Ayn Rand Centenary
In St. Petersburg. Russia, of all places, the beginning of the end came, 02 February 1905. A child was born, a child destined to change the world. We came to know the child as Ayn Rand. She lived until 1982. Her legacy lives on and on, widening, deepening, and taking in more and more of the world.
So many tributes have been written about Ayn Rand that I want to try to write what she means to me instead. Superficial people condemn almost every real and imagined aspect of this woman and her work, whether they have read anything she wrote or not. Some very fortunate persons have read, absorbed, studied, digested, and applied the principles she presented so clearly, and their lives have changed greatly, for the better. Some have tried to take on the principles she wrote about by short-cutting the learning process, and they crashed, sourly joining her detractors.
I found Ayn Rand in 1965, in my senior year of medical school. I read Atlas Shrugged, her tour de force and last novel. I was never the same again, thankfully. Over the years, I read and re-read it all many times, listened to it, and took in everything her associates ever had to offer. My mind grew beyond adequate description as I came to understand reality in terms of principles. She wrote them, but I made them mine. Over the decades, I had to rework a lot of mixed premises absorbed since birth, but oh, the sunlit universe I have experienced and continue to experience to this day.
My gratitude cannot be expressed the way I want. I just have to feel it and sort of tell you about it. It is open to you also, in fact to anyone, willing to pay the only price it requires: to think. Thinking is hard work, and it takes continuous application across time, which is probably why some bail out so easily.
I gloat just thinking about Ayn Rand's role in the future. Alas, I will not live long enough to see it. I have been fortunate enough to be there in the early stages. And, as a conceptual being, I can project today into tomorrow.
Part of my gloating comes from knowing her place already in the history of thought. In all of the history of Western civilization, there have been three, and only three, builders of full philosophical systems. The first was Plato, and he had profound influence, and still does. The second was his pupil, Aristotle, the thinker who gave us the Renaissance, Enlightenment, Industrial Revolution, America, and capitalism. The third was Immanuel Kant who launched the Counter-Enlightenment Revolution, spawning all sorts of anti-reason mystic philosophers of great influence through the 19th and 20th centuries, and made inevitable both Nazism and Communism. Immanuel Kant more than any other thinker has almost destroyed post-Enlightenment progress and culture. His current heirs infest the colleges and universities as postmodernist deconstructionists, flowering nihilists all--corpse flower, of course.

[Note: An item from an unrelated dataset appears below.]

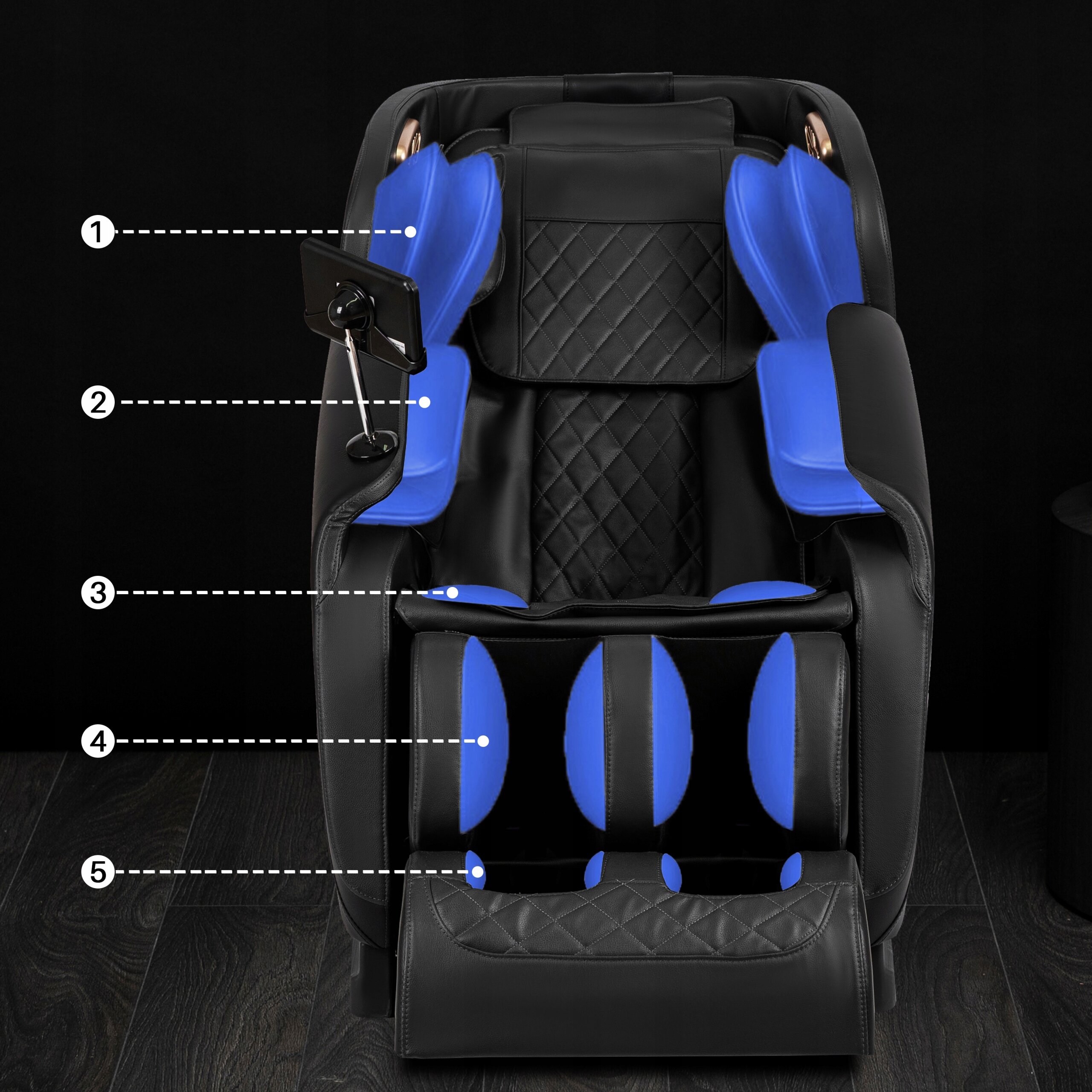 | Zakres masażu poduszkami powietrznymi: | Łydki |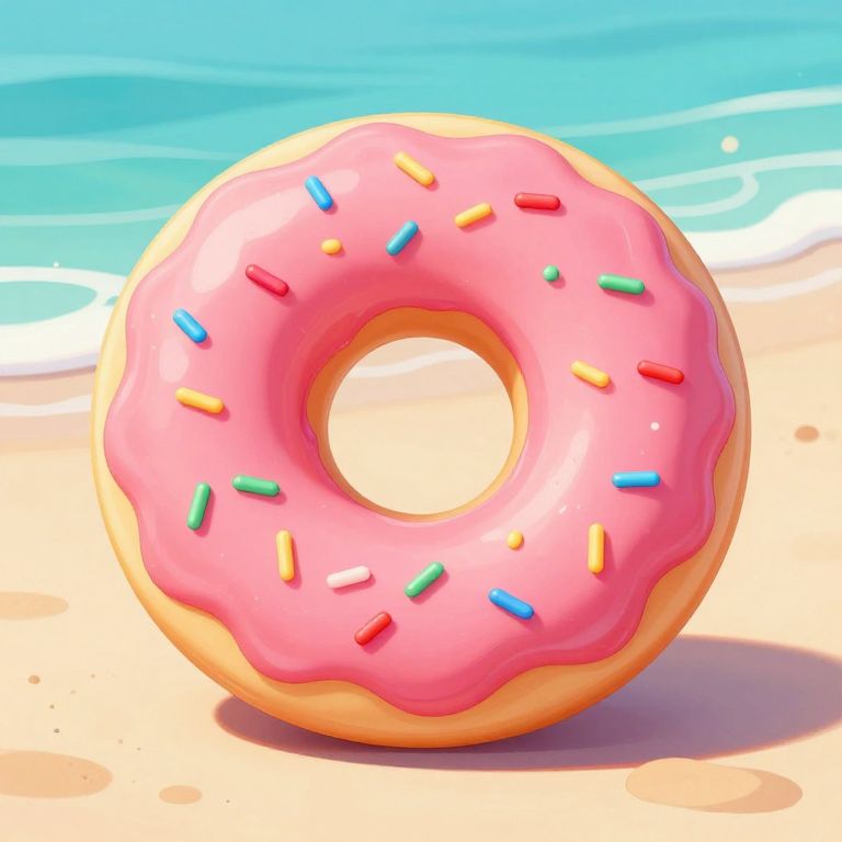 A vibrant digital illustration features a pink jelly-style donut adorned with colorful sprinkles, set against a serene beach backdrop with turquoise waves and sandy shores, capturing a playful and summery aesthetic.

The point here is that systematic philosophers move civilizations while their lessers just influence cultures to some extent. Think of the profound impact three thinkers have had in human history. And, they have been only three in number. Kant died in 1804, and he was the last. Thinkers of this import are scarce.
Ayn Rand is the fourth systematic thinker, and she is in the tradition of Aristotle. She is the antidote to the diseases of Western civilization unleashed by Kant and his intellectual father, Plato.
Tomorrow has great hope and promise, much more than today has. Tomorrow belongs to Ayn Rand and to all of those whom she will return to reality, reason, freedom, invidualism, and full capitalism. With the birth of Ayn Rand came the beginning of the end of the stranglehold that Kant and his intellectual spawn have had on Western civilization.
If anyone doubts, just one fact alone should bring that doubter to his or her knees. The fact is that Ayn Rand in her many works remains a best seller to this very day, one hundred years after her birth. Only sales of the Bible rival hers.
She loved the works of Victor Hugo, and I know she would enjoy the truth and the joke in something Hugo said because it applies so totally to her: "Nothing is as powerful as an idea whose time has come."
Thank you, Ayn Rand.
So many tributes have been written about Ayn Rand that I want to try to write what she means to me instead. Superficial people condemn almost every real and imagined aspect of this woman and her work, whether they have read anything she wrote or not. Some very fortunate persons have read, absorbed, studied, digested, and applied the principles she presented so clearly, and their lives have changed greatly, for the better. Some have tried to take on the principles she wrote about by short-cutting the learning process, and they crashed, sourly joining her detractors.
I found Ayn Rand in 1965, in my senior year of medical school. I read Atlas Shrugged, her tour de force and last novel. I was never the same again, thankfully. Over the years, I read and re-read it all many times, listened to it, and took in everything her associates ever had to offer. My mind grew beyond adequate description as I came to understand reality in terms of principles. She wrote them, but I made them mine. Over the decades, I had to rework a lot of mixed premises absorbed since birth, but oh, the sunlit universe I have experienced and continue to experience to this day.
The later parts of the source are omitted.